Escuchó la conversación de Mark y Lulu durante un rato, y después se abismó en sus pensamientos. Era una tontería enfadarse por culpa de Lulu. Mark estaba comprometido con ella, Diana. Lo único que pasaba era que le gustaba hablar de los viejos tiempos. Diana no debía preocuparse por Estados Unidos: había tomado una decisión, la suerte estaba echada y Mervyn ya habría leído su nota. Era estúpido recelar de una rubia teñida de cuarenta y cinco años como Lulu. Pronto aprendería las costumbres norteamericanas, y se familiarizaría con sus bebidas, programas de radio y manías. No tardaría en tener más amigos que Mark; atraía a la gente, no podía remediarlo.

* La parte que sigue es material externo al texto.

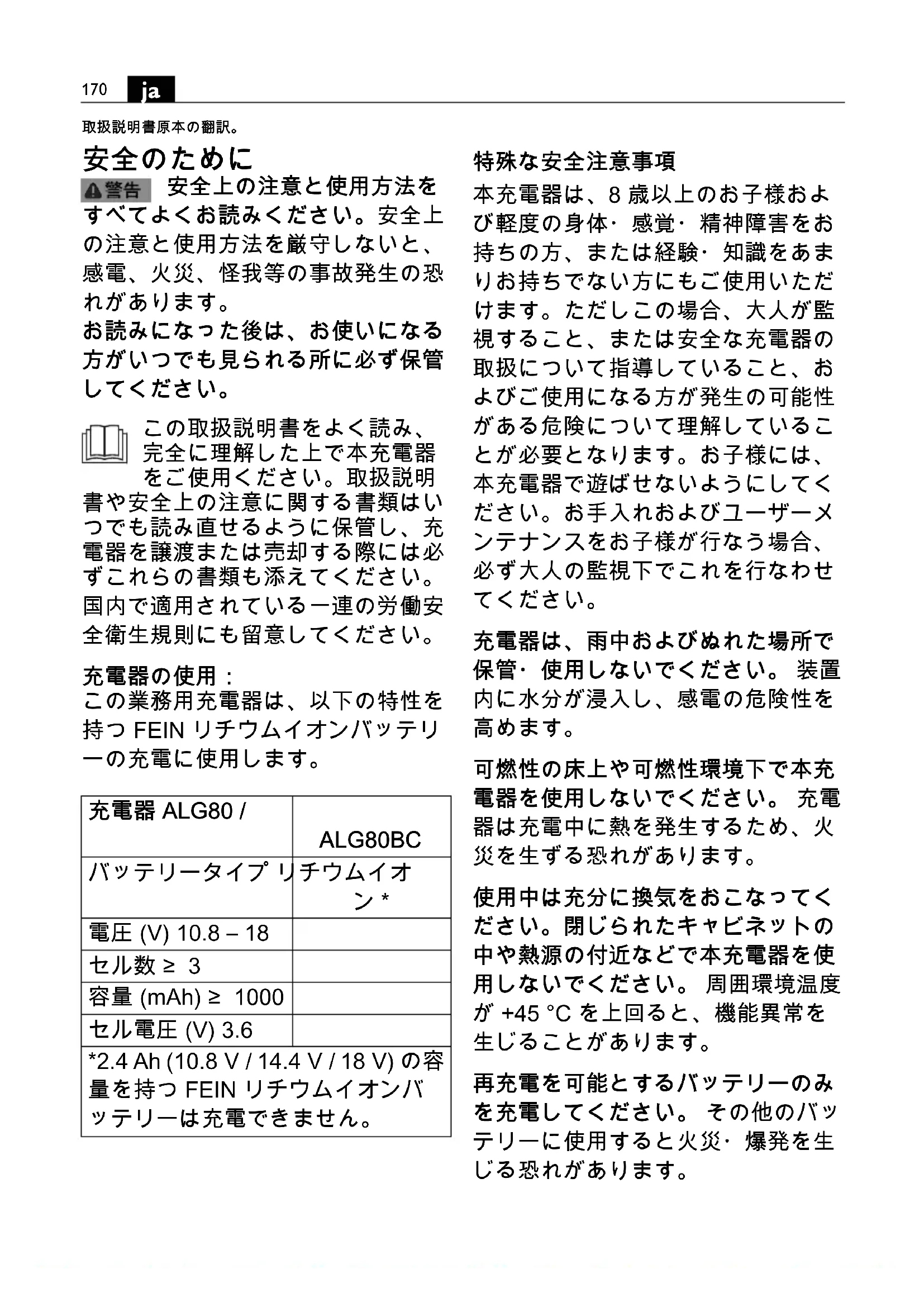 製品保証に関しては、本製品が販売される国で定めら れた法的規定が適用されます。 さらに FEIN 社の保証内 容に従い、保証が適用されます。 本充電器の納品範囲は本取扱説明書に記載され、図示 されたアクセサリーの一部のみが含まれています。

Empezó a pensar en el largo vuelo sobre el Atlántico. Cuando leyó las noticias sobre el clipper en el Manchester Guardian , consideró que era el viaje más romántico del mundo. Entre Irlanda y Terranova mediaba una distancia de tres mil kilómetros, y el recorrido duraba una eternidad, algo así como diecisiete horas. Había tiempo de cenar, acostarse, dormir toda la noche y levantarse otra vez antes de que el avión aterrizara. La idea de ponerse camisones que había utilizado con Mervyn le parecía espantosa, pero no había tenido ocasión de comprarse ropa nueva para el viaje. Por suerte, tenía una preciosa bata de color café con leche y un pijama rosa salmón que nunca había usado. No había camas de matrimonio, ni siquiera en la suite matrimonial (Mark lo había comprobado), pero la litera de Mark estaría sobre la suya. Era emocionante y aterrador al mismo tiempo pensar en acostarse sobre el océano y en pleno vuelo, hora tras hora, a cientos de kilómetros de altura. Se preguntó si podría dormir. Los motores funcionarían tanto si dormía como si no, pero, en cualquier caso, temería constantemente que se parasen mientras dormía.